Like many of today's most followed internet personas, relatability is what drove the Kardashian stock up. Ryan Seacrest and his team of executive producers chronicled the life of an attainably rich family in Calabasas. Back then, Kris probably grocery-shopped, and the faces of Kylie and Khloe still looked somewhat human. We gobbled up family fights over the trivial and the awkward first years in Hollywood for a socialite who started off as Paris Hilton's assistant. But now, on what feels like Season 187, we watch the Kardashian dolls attempt to maintain that same sense of relatability standing in closets that house their Birkin collections alone. Despite a viewership significantly smaller than the Kardashian peak in the early 2010s, Ryan and Kris continue to peddle the same vapid but luxurious bullshit from the depths of the uncanny valley.

Balenciaga garbage bag; FW22

American loud luxury isn't just about atrocious Balenciaga accessories or designer adult diapers; it's about the way we consume, absorb, and display wealth. We are obsessed with consumption and display. What's the point of consumption if there's no display?

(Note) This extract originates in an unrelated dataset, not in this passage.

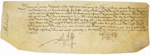 1536. Quittance signée des tabellions pour le Roy en la Ville et Banlieue de CAEN.
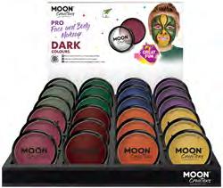 Pro Cake Pots are water activated and available in 40 highly pigmented colours, staples for any face and body painting endeavor. All 40 colours are distributed between five acrylic display units. Our premium quality face paints offer smooth application and are gentle on the skin. The long-lasting formula provides excellent coverage, without cracking or flaking. Each unit contains 36g of 100% vegan face paint.

What's the point of a nice dinner at one of New York's hottest restaurants if the spicy rigatoni isn't plastered on your Instagram Story for all to see? To eat it? Don't be ridiculous. Loud luxury as a phenomenon has grown beyond the streets of Calabasas and Rodeo and into the walk-in closets of influencers that house puke-stained dresses from the year previous. In a social media landscape that confuses oversharing for relatability, the nouveau riche have tried to replicate Kris Jenner's equation and are failing miserably because no one is buying it. Because we literally can't.

We've been edged by a recession that's been on the way for 18 months. And while American media may say the future is bright for 2024, the evidence of an economic downturn remains in grocery stores, under Christmas trees, and in the homes of many families housing twenty-somethings who, despite a college education, can't afford rent. The ostentatious wealth that consumes our television screens in shows like Keeping Up or Selling Sunset stands as a mockery to those who work two jobs and are told by a socialite with five versions of her face that "It seems like nobody wants to work these days." It's not to say that reality television isn't fun—it is. But when it perpetuates America's wealth disparity to a generation that will struggle to buy a house, it loses its appeal to an audience who can't even try to aspire to that kind of lifestyle.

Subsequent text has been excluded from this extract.